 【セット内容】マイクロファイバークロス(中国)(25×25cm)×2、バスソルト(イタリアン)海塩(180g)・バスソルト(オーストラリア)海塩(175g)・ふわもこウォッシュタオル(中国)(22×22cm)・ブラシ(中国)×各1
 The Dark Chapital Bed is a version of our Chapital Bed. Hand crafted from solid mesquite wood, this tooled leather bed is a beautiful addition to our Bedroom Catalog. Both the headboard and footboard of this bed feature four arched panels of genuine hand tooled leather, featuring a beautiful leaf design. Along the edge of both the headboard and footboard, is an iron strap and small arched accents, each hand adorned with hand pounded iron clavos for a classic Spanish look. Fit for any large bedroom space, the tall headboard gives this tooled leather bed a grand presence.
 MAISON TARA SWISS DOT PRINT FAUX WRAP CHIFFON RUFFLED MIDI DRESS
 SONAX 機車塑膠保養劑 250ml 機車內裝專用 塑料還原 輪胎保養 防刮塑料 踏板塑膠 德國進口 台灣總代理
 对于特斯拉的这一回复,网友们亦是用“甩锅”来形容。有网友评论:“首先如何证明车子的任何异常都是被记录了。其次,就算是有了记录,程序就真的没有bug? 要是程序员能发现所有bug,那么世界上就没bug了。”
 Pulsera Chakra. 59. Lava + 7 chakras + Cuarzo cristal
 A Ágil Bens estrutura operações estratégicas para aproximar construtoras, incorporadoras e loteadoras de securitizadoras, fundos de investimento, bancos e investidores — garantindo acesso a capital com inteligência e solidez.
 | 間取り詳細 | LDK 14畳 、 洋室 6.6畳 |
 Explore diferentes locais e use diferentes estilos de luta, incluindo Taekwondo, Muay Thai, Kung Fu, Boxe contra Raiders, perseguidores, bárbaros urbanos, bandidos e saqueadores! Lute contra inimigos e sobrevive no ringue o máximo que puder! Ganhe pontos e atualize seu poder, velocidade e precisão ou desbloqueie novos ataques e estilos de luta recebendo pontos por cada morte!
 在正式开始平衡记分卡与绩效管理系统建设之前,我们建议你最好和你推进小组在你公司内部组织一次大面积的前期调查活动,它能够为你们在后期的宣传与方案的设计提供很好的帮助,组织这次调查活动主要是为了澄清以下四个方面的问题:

- - - - -

*INSTRUCTIONS FOR THE TASK*
Please reproduce the listing word for word, but only from the line that contains "14畳 、 洋室 6.6畳 |" to its last line, inclusive.

*FINISHED EXERCISE*
 | 間取り詳細 | LDK 14畳 、 洋室 6.6畳 |
 Explore diferentes locais e use diferentes estilos de luta, incluindo Taekwondo, Muay Thai, Kung Fu, Boxe contra Raiders, perseguidores, bárbaros urbanos, bandidos e saqueadores! Lute contra inimigos e sobrevive no ringue o máximo que puder! Ganhe pontos e atualize seu poder, velocidade e precisão ou desbloqueie novos ataques e estilos de luta recebendo pontos por cada morte!
 在正式开始平衡记分卡与绩效管理系统建设之前,我们建议你最好和你推进小组在你公司内部组织一次大面积的前期调查活动,它能够为你们在后期的宣传与方案的设计提供很好的帮助,组织这次调查活动主要是为了澄清以下四个方面的问题:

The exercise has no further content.